Prices of vegetables such as tomatoes and onions shot up to 35.9% in September over the previous month, impacted by heavy rains and supply-disruptions. The recent hike in import duties on crude and refined edible oils by 20 percentage points last month pushed India’s retail inflation to a nine-month high of 5.5% in September, against 3.65% in August.

Marico said among key inputs, copra prices rose ahead of internal forecasts and the recent import duty hike led to vegetable oil prices moving higher towards the end of the quarter.

Tata Tea will implement price hikes across its brand portfolio over the next few months, as it aims to expand its profit margins, which have been hit due to a jump in input prices, a top official said on Wednesday.

Wholesale inflation pinching companies

India’s wholesale inflation accelerated to 1.84 per cent in September on an annual basis, as against 1.31 per cent in August amid surge in food prices, as per government data. The WPI for September 2023 was pegged at 0.26 per cent.

Food prices, a key indicator, went up to 9.47 per cent in September from 3.26 per cent in August, showed government data. Vegetable prices rose 48.7 per cent, compared to a drop of 10 per cent in August. Cereal prices rose 8.1 per cent over last year from an 8.4 per cent increase a month ago.
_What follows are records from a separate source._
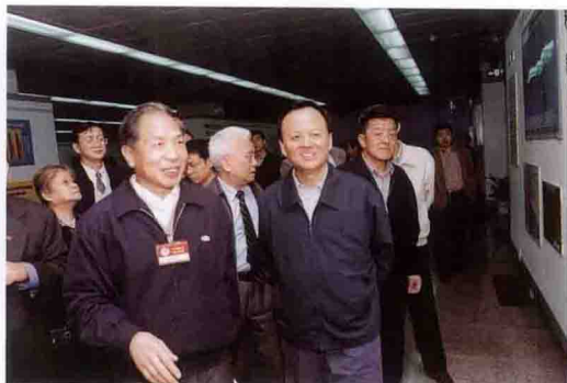
全国政协委员、甘肃省政协主席杨振杰（左）参观三峡工程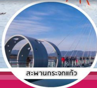
สะพานกระจกแก้ว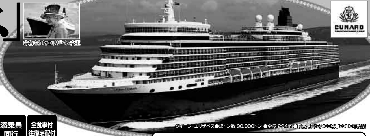
クイーン・エリザベス ●総トン数:90,900トン ●全長:294m ●乗客定員:2,068名 ●2010年就航

羽田発 / 成田着 旅情あふれる水の都ベニスから — ベストシーズンのエーゲ海 — コルチュラ・クレタ・ロードス・ボロス・ミコノス 輝きの島々を巡る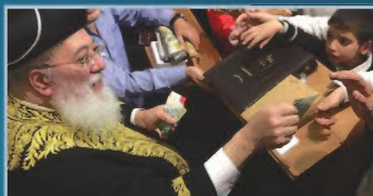
הראשון לציון ורבה של ירושלים רבינו שלמה עמאר שליט"א בחלוקת 'דמי פורים'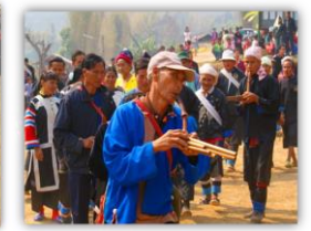
งานประเพณีกินวอ (ปีใหม่มูเซอ)

3.) ชาวลีซอ หรือ ลีซอ เป็นชาวเขาเผ่าหนึ่งที่อาศัยอยู่ในพื้นที่ตำบลแม่नाเต็ง อาศัยอยู่ใน หมู่ 7 บ้านปางแปก, หมู่ 9 บ้านดอยฝีลู่ และหมู่ 10 บ้านไทรงาม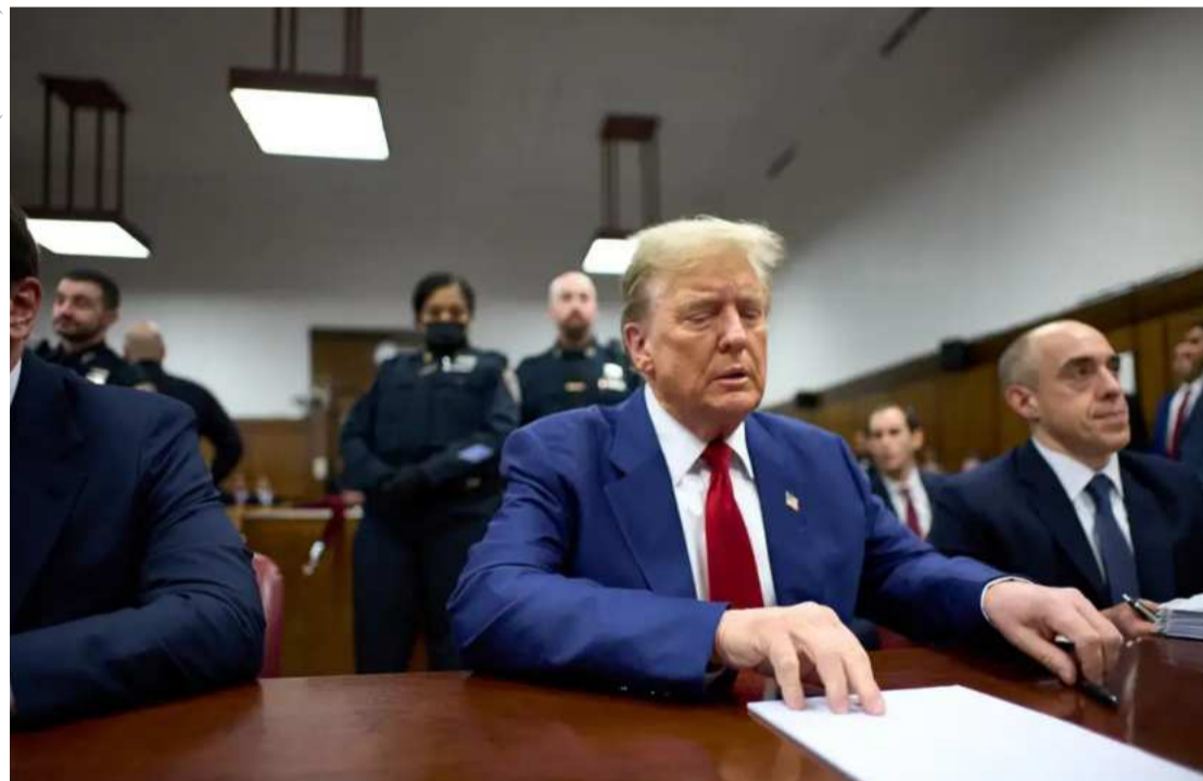
Trump foi condenado por desacato ao tribunal ontem (30) e multado em US$ 9.000 por violar repetidamente uma ordem de silêncio que o impedia de fazer declarações públicas sobre testemunhas, jurados e outras pessoas ligadas ao caso de suborno.

Um juiz de Nova York advertiu o ex-presidente americano Donald Trump que ele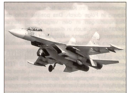
Suchoi SU-30 Flanker der russischen Luftwaffe.

Als Nachfolger für die Northrop F-5E Tiger II und McDonnell F-4E Phantom II sollen für 4 Mia. $ etwa 40 neue Kampfflugzeuge beschafft werden. Im Rennen sind gegenwärtig noch Eurofighter Typhoon, Boeing F-15K (Derivat der F-15E Strike Eagle der USAF), Dassault Rafale und Suchoi SU-35 Flanker. Der Beschaffungsentcheid soll noch in diesem Jahr fallen.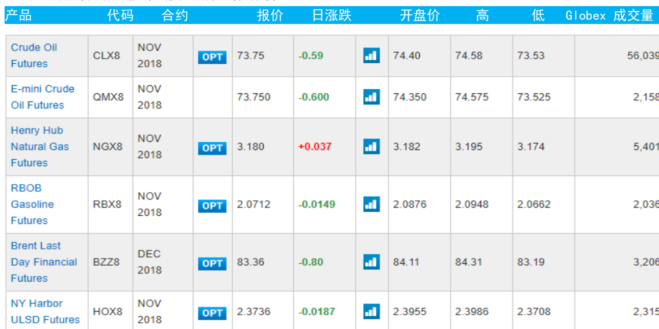
表 3：芝加哥交易所能源期货及期权当日报价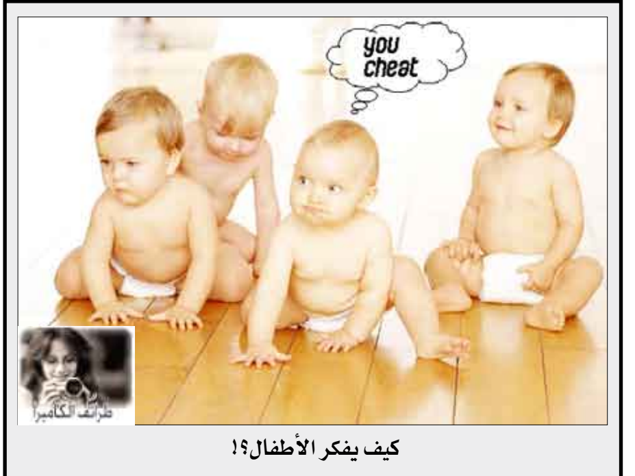
كيف يفكر الأطفال؟

الذكاء في اختبارات الذكاء تفوق نتيجة 98% من السكان. اكتساب المعرفة باستمرار وفقا لجريدة «الوطن» الكويتية.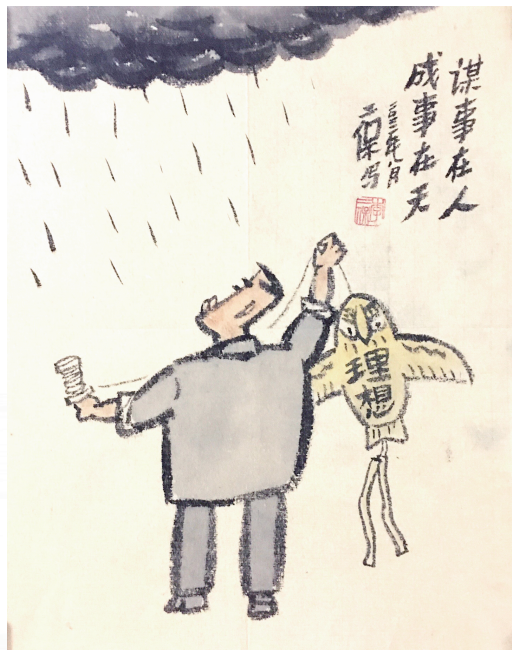
谋事在人 成事在天 李二保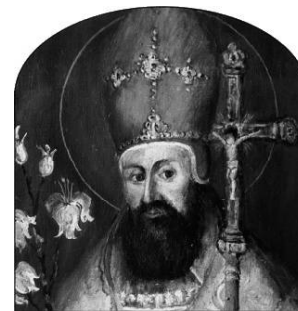
Bl. Radzim Gaudenty – pierwszy biskup gnieźnieński.

Był przyrodnym bratem św. Wojciecha i od wczesnych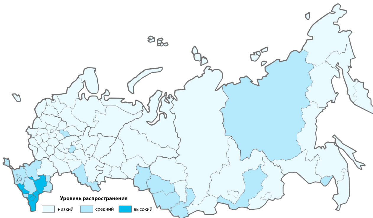
Рис. 6. Уровень распространения занятости не по найму в субъектах РФ, 2019 год

Additionally, the annual rate of inflation for Primary Articles of WPI accelerated to 6.59 per cent as against 2.42 per cent in August.

Slowdown worries for some MPC members

New external members of the monetary policy committee (MPC) share RBI members’ neutral-to-dovish outlook. But while RBI members’ dovishness arises from optimism that things will improve, external members are more worried about a slowdown, TOI has reported.
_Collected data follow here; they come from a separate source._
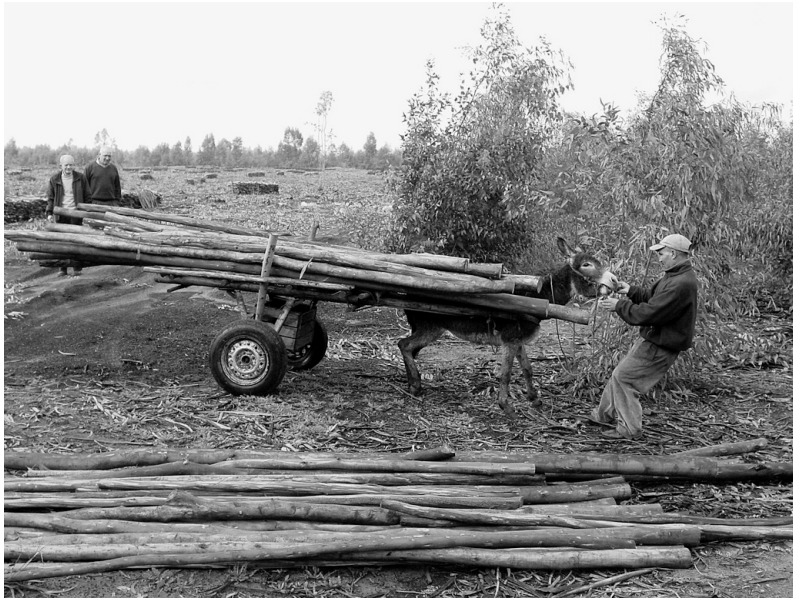
Photo 3 : Production de perches et poteaux à forte valeur ajoutée sur les parcelles clonales (Dar Bel Amri, 2010)

cis, prenant en considération les fonctions biologiques des cultures et les attentes économiques, sociales et écologiques des territoires plantés. Les nombreux ensembles de principes, critères, indicateurs et vérificateurs de gestion durable spécifiques aux plantations forestières existent et permettent, sinon de garantir la durabilité, du moins de diminuer les risques majeurs de dérives non durables.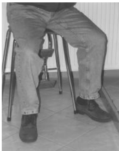
Abbildung 4 korrekte Fußstellung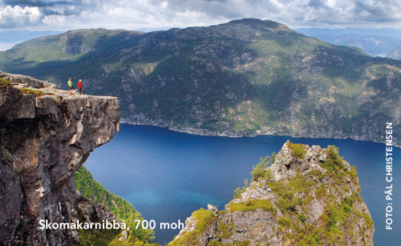
Skomakarnibbå, 700 moh.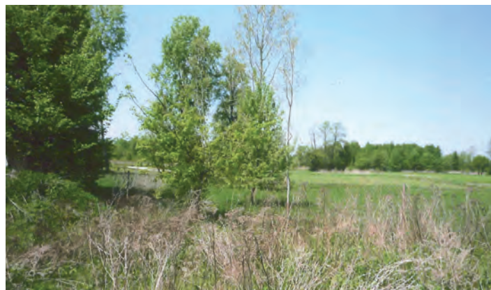
Działka oznaczona nr 1042/5 o pow. 0.1944 ha w Chodaczowie

Dodatkowe informacje można uzyskać w Urzędzie Gminy w Grodzisku Dolnym (pokój nr 5) w godz. 8 - 15 telefon (17) 2428265, 2436003 wew. 152 lub 151.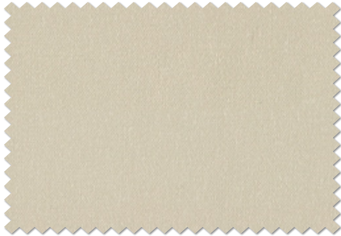
FT 6539 (BE)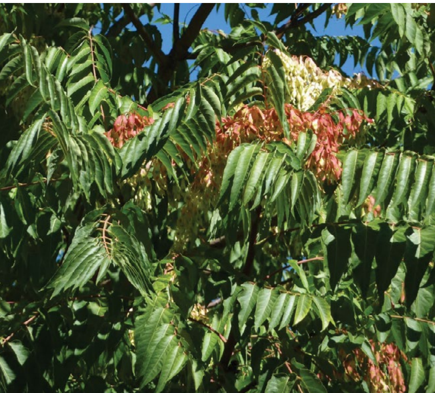
Ženska rastlina navadnega pajesena z zorečimi plodovi.

Cveti pozno spomladi, plodovi dozoriijo jeseni.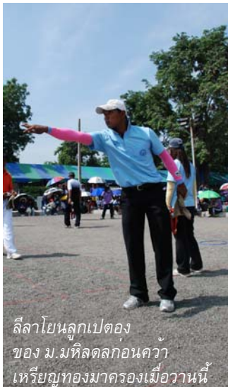
ลีลาโยนลูกเปตองของ ม.มหิดลก่อนคว้าเหรียญทองมาครองเมื่อวานนี้

สำหรับกีฬาน่าสนใจวันนี้ (7 พ.ค. 52) ยังมีให้ลุ้นชม และเชียร์อีกหลายชนิดกีฬา โดยโปรแกรมการแข่งขันที่ น่าสนใจมีดังนี้ กรีฑา ชิง วันสุดท้าย 21 เหรียญทอง เริ่มแข่งขันเวลา 07.00 น. และ 16.00 น. โบว์ลิ่ง ชิงเหรียญทองสุดท้าย ประเภททีมทั่วไป 3 คน คู่สตรีค - คีสแปรร์ กอล์ฟ รอบชิงชนะเลิศ ฟุตบอล รอบรองชนะเลิศ ม.นครพนม พบกับ ม.เกษตรศาสตร์ และ ม.ขอนแก่น พบกับ ม.ธรรมศาสตร์ แข่งเวลา 16.30 น. วอลเลย์บอล รอบ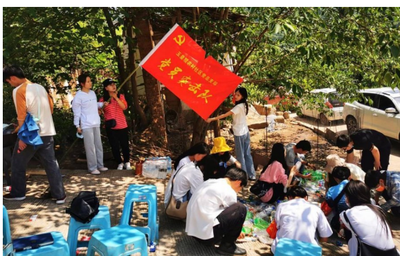
▲玉皇观农村社区党员活动。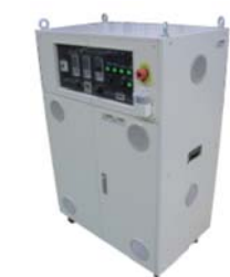
デフオイル温調装置 高温・低温(高粘度)1ポンプ仕様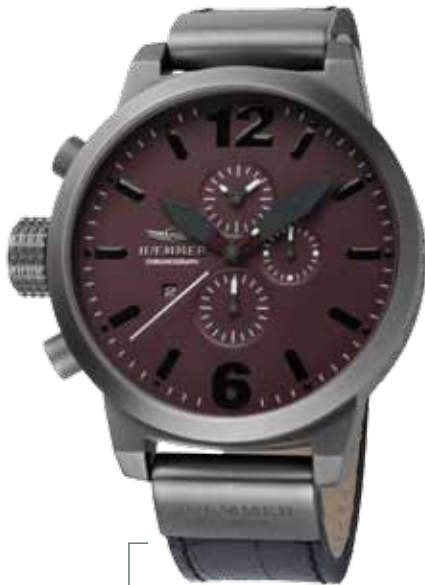
HC-26 COLUMBIA Ø 50 mm, 45 mm

Edelstahlgehäuse IP Titanium, Quarz-Chronograph, Ziffernblatt in Bordeaux-Red, Kalbslederarmband mit Krokoprägung in Deep-Black Stainless steel casing - IP coating Titanium, quartz-chronograph, bordeaux-red dial, deep-black calf leather strap with crocodile embossing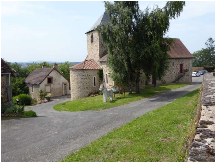
Eglise de Lanty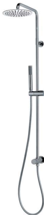
Immagine Prodotto - Product image

Колонна настенная из латуни Ø 20 мм, нижнее крепление с водорозеткой на 1/2"М, интегрированная система переключения - Душ TETIS Ø250 мм - Ручная лейка ZEN с поворотным держателем - Шланг дв. фальцевания 150 см 1/2" FF конусообразный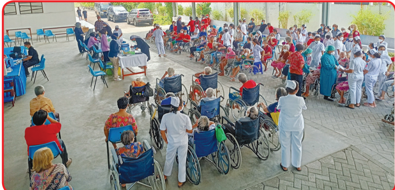
Suasana pelaksanaan vaksinasi.

Nagesh Kumar, one of the three new external members, called for the loosening of monetary policy, emphasising on slowing economic growth and demand deficits in the domestic and external markets, minutes of the MPC meeting released on Wednesday showed. External member Saugata Bhattacharya advocated a neutral stance and was concerned about loss of growth momentum, uncertain aggregate demand, and external risks, including geopolitical factors and rising commodity prices. However, the third new member, Ram Singh, was optimistically dovish and acknowledged resilient domestic growth driven by consumption and investment.
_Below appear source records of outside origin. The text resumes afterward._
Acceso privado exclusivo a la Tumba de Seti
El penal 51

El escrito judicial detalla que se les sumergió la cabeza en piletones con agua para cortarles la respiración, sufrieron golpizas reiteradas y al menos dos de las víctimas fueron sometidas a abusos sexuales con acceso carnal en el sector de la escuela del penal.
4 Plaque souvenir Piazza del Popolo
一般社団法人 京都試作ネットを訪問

Kumar was the only member to have voted for a 25 basis point rate cut in the October 9 MPC meet, while others voted for a pause.

During the latest rate-setting panel meeting, in which the MPC retained repo rate, it left its inflation forecast for this fiscal year (FY25) unchanged at 4.5 per cent, even amid caution on food price trajectory that may hurt core inflation along with geopolitical tensions which pose a threat to any comfort on crude prices. The central bank now sees inflation for Q2, Q3 and Q4 of this fiscal year at 4.1%, 4.8%, and 4.2%, respectively. In the August policy, the monetary authority had pegged the inflation readings at 4.4%, 4.7% and 4.3%, respectively. Inflation stood at 4.9% in the first quarter.

Considering the balanced inflation and growth trends, RBI governor Shaktikanta Das announced the MPC’s shift from “withdrawal of accommodation” to “neutral.” This change allows the MPC greater flexibility while maintaining focus on aligning inflation with the target without compromising growth.